Jeżeli +wszystkie+ osoby, zarażone w kraju są wykryte i odizolowane kwarantanną ("nie ma osób zarażonych chodzących sobie po ulicach") to jakim cudem dochodzi do kolejnych zarażeń?
@CSOG no właśnie? W województwie pomorskim ostatnie ogniska są z "importu". Kilka osób zostało przechwyconych zanim innych zarazili. Największe u nas ognisko, a właściwie sieć 8 ognisk, zaczęło się tydzień po Wielkanocy. Można przypuszczać, że ktoś przyjechał/wyjechał na święta. Z publicznie dostępnych informacji wiadomo, że zaczęło się od jednego gospodarstwa domowego, gdzie były osoby pracujące w służbie zdrowia i DPS-ach. Doszło do chyba ponad 200 osób.\ Zapytam - dlaczego nie ma ognisk, których pochodzenie nie jest znane?
I ja czasami też się dziwię. W połowie marca 2020 ogłoszono w Polsce decyzję o zamknięciu palcówek edukacyjnych. Był to początek działań określanych jako lock down, zmierzający do powstrzymania pandemii drogą podwyższonej społecznej izolacji. W tym czasie sytuacja w innych państwach wyglądała już znacznie poważniej i gorzej. A zatem upłynęło od tamtego dnia trzy miesiące. Niepokojące wiadomości o tym, że pandemia wirusa Sars Cov2 może być groźna docierały jednak dużo wcześniej. Już w połowie stycznia 2020 z Chin napływały niepokojące informacje. Od tamtej chwili upłynęło pięć miesięcy. Pytanie które mnie niepokoi to: jaka nowa hipoteza naukowa dotycząca pandemii Sars Cov2 została definitywnie potwierdzona lub obalona ? Inaczej formułując pytanie jakich nowych twardych dowodów naukowych dostarczyła nam nauka o tym zagrożeniu, które nie znane były wcześniej? Nie próbuję tu podważyć zalet i dobrodziejstw płynących z osiągnięć nauki. Nie zamierzam nauki deprecjonować, nie chcę umniejszać jej wagi i roli w służbie dobru ludzkości. Zwracam jednak uwagę na jej swoistą bezwładność i powolność. Pomimo globalnej ogólnoświatowej mobilizacji, pomimo międzynarodowej współpracy. Dysponując potężnym potencjałem arsenału, mocą obliczeniową superkomputerów, elektronowymi mikroskopami, środkami finansowymi liczonymi w bilionach. Nauka potrzebuje jednak również czasu. I wydaje się to bariera nie do pokonania. Czas. A gdyby było go znacznie mniej? Gdyby zjadliwość i skuteczność zakaźna wirusa była większa? Pandemię udało się w jakimś stopniu ograniczyć wykorzystując środek zwany lockdown’em, środek którego możliwość powtórnego użycia wielu ekspertów wyklucza. Co będzie kiedy wirus przypuści kolejny atak, a prawdopodobieństwo takiego scenariusza bardzo wielu ekspertów naukowych ocenia jako bardzo duże? Jakich nowych narzędzi do walki z tym zagrożeniem potrafi dostarczyć nam nauka w takim czasie jakim dysponujemy? Trzeba chyba zakończyć umiarkowanym optymizmem: Przeżyjemy to zobaczymy :) Jedyny wniosek jaki się nasuwa to nauka jest wielka i pożyteczna. Wszechmocna jednak nie jest.

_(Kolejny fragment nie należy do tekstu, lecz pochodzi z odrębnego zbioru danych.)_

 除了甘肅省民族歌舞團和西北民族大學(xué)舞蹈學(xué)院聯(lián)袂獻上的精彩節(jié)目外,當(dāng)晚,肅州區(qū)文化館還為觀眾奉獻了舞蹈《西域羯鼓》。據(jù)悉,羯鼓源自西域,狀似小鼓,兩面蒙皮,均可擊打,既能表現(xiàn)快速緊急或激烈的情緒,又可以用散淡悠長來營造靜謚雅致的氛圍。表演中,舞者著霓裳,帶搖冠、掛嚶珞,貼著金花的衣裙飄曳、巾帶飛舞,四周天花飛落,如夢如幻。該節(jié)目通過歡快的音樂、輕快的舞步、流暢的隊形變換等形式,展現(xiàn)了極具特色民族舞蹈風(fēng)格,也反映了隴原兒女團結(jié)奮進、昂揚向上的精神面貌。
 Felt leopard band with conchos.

To wszystko jest zaplanowane i dobrze skoordynowane. Nazywamy to Planned-demic. Nikt nie twierdzi, że nie ma taj choroby, ale ta epidemia to pretekst do upieczenia czegoś innego. Świat przy świńskiej grypie zachowywał się inaczej. Narobią długów, a później będziemy sprzedawać wszystko, żeby to spłacić!

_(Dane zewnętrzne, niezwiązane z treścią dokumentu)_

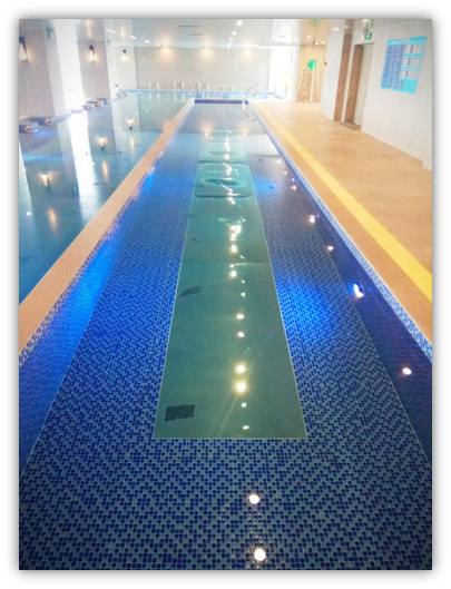 教學池配置的不銹鋼水底鏡讓學游泳者與教練可以清晰看到自己的泳姿并加以矯正,可以有效輔助更快學成游泳技能,更貼心地考慮客戶的需求。教學池設計水深是1米,設計水溫是28℃。
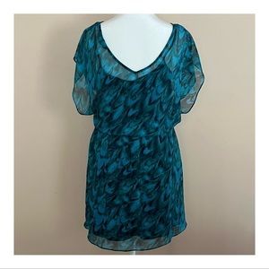 This is SUCH a beautiful dress for any special occasion!! Gorgeous peacock-blue colors and feather-like pattern throughout. Dress is fully lined with an elastic waist and v-neck in front and back. 100% polyester (shell and lining). Express size small. This is a very flattering dress and pairs great with a pair of nude pumps or sandals. Worn once or twice, in excellent condition. Search 'express' in my closet for more styles!!
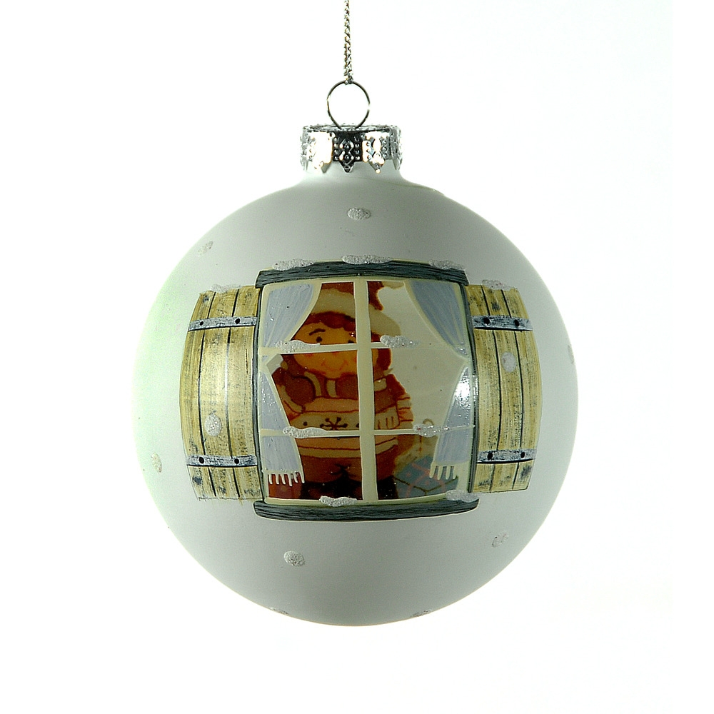 Γύψινη Χριστουγεννιάτικη μπάλα λευκή ματ με παράσταση 9 εκ

Skasowali mi post jak dyskutowałem z sensewnością noszenia masek. Co jest w dużym kontraście do tego, że inni piszą tutaj bzdury o Kościele Świętym, propagują herezje, kwestiinują autentyczność objawienia zawartego w nauce Apostołów i to wisi nie usuwane przez nikogo. Od redakcji katolickie spodziewał bym się większego wyczucie na obronę dobrego imienia Kościoła, jeżeli pojawiają się kontrowersje co do rządzących to przynajmniej należy dać ludziom porozmawiać. Od Św biskupa Stanisława Kk jasno potrafił władzy ustalić granicę. Nie jesteśmy prawosławiem lub kościołem aglikańskin, gdzie kościół podporządkowany jest władzy!
Tu się z Panem zgodzę. Na łamach Gościa Niedzielnego prędzej pozostanie wpis, gdzie obraża się Jezusa, niż wpis, gdzie krytykuje się PIS. Widać jakie priorytety ma rzekomo katolicka gazeta.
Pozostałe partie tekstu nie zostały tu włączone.